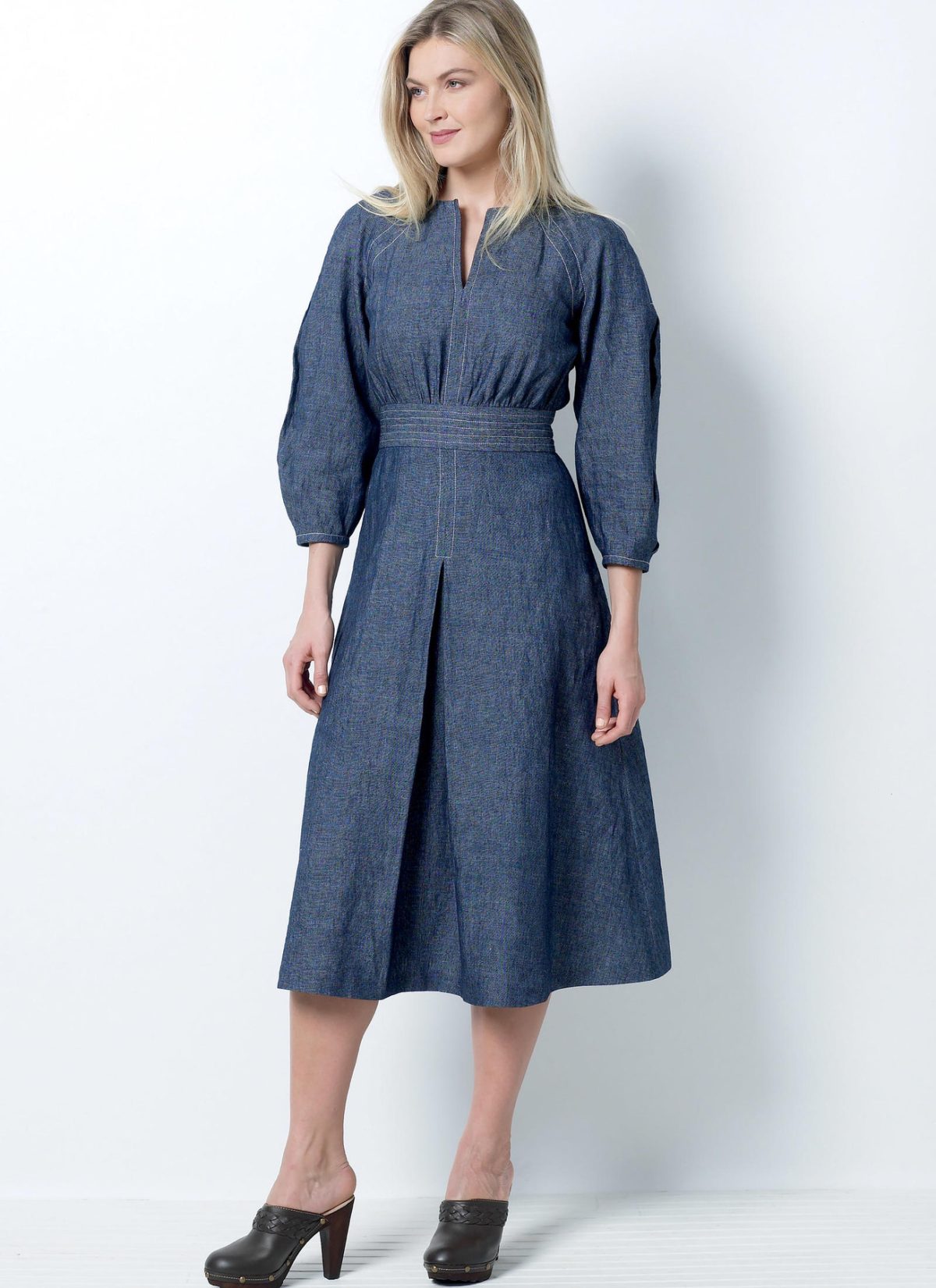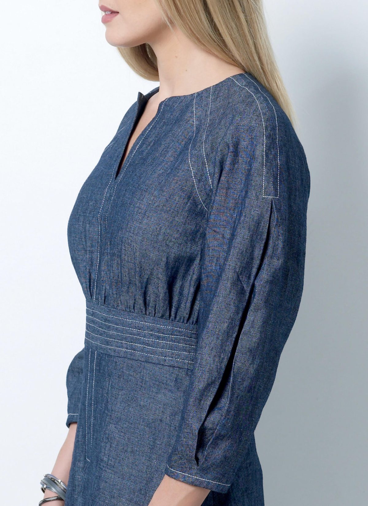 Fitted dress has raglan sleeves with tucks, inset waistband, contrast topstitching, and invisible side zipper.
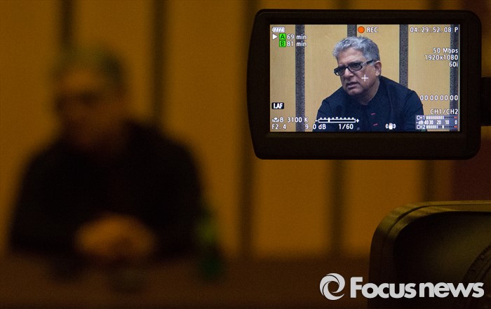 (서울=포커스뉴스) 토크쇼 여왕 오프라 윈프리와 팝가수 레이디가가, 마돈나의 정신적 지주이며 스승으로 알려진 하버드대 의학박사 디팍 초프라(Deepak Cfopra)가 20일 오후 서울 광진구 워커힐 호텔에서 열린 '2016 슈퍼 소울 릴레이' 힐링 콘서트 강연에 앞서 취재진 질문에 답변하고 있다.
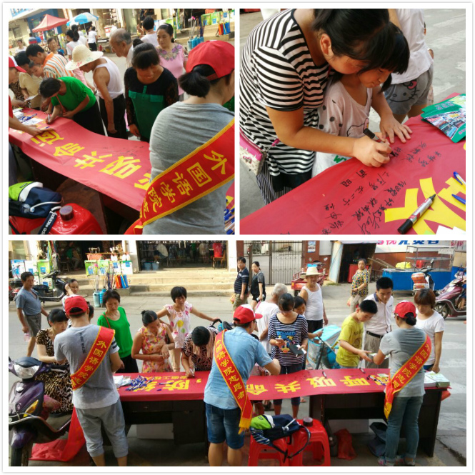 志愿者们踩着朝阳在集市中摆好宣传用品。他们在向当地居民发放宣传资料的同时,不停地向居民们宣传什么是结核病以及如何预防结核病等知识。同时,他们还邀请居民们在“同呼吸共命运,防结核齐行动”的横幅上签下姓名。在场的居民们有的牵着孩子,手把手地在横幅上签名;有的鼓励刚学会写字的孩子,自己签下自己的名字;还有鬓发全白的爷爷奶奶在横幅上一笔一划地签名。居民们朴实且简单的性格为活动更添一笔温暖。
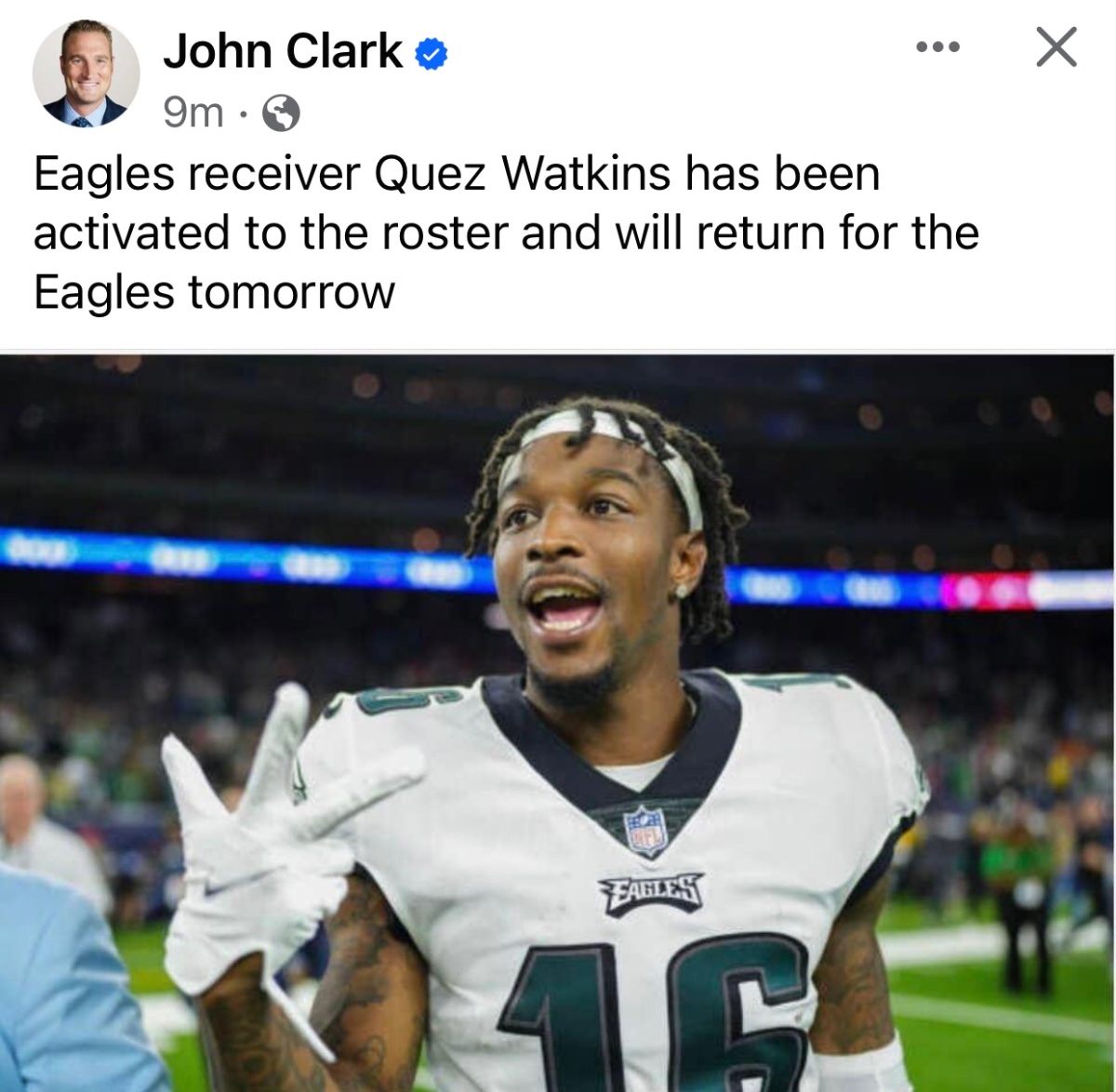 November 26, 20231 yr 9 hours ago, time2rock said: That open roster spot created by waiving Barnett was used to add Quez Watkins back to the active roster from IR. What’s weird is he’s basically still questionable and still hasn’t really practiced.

....................

## Problem details
Everything but the pictures is needed: copy the data above exactly.

## Written solution
 Fitted dress has raglan sleeves with tucks, inset waistband, contrast topstitching, and invisible side zipper.
 (서울=포커스뉴스) 토크쇼 여왕 오프라 윈프리와 팝가수 레이디가가, 마돈나의 정신적 지주이며 스승으로 알려진 하버드대 의학박사 디팍 초프라(Deepak Cfopra)가 20일 오후 서울 광진구 워커힐 호텔에서 열린 '2016 슈퍼 소울 릴레이' 힐링 콘서트 강연에 앞서 취재진 질문에 답변하고 있다.
 志愿者们踩着朝阳在集市中摆好宣传用品。他们在向当地居民发放宣传资料的同时,不停地向居民们宣传什么是结核病以及如何预防结核病等知识。同时,他们还邀请居民们在“同呼吸共命运,防结核齐行动”的横幅上签下姓名。在场的居民们有的牵着孩子,手把手地在横幅上签名;有的鼓励刚学会写字的孩子,自己签下自己的名字;还有鬓发全白的爷爷奶奶在横幅上一笔一划地签名。居民们朴实且简单的性格为活动更添一笔温暖。
 November 26, 20231 yr 9 hours ago, time2rock said: That open roster spot created by waiving Barnett was used to add Quez Watkins back to the active roster from IR. What’s weird is he’s basically still questionable and still hasn’t really practiced.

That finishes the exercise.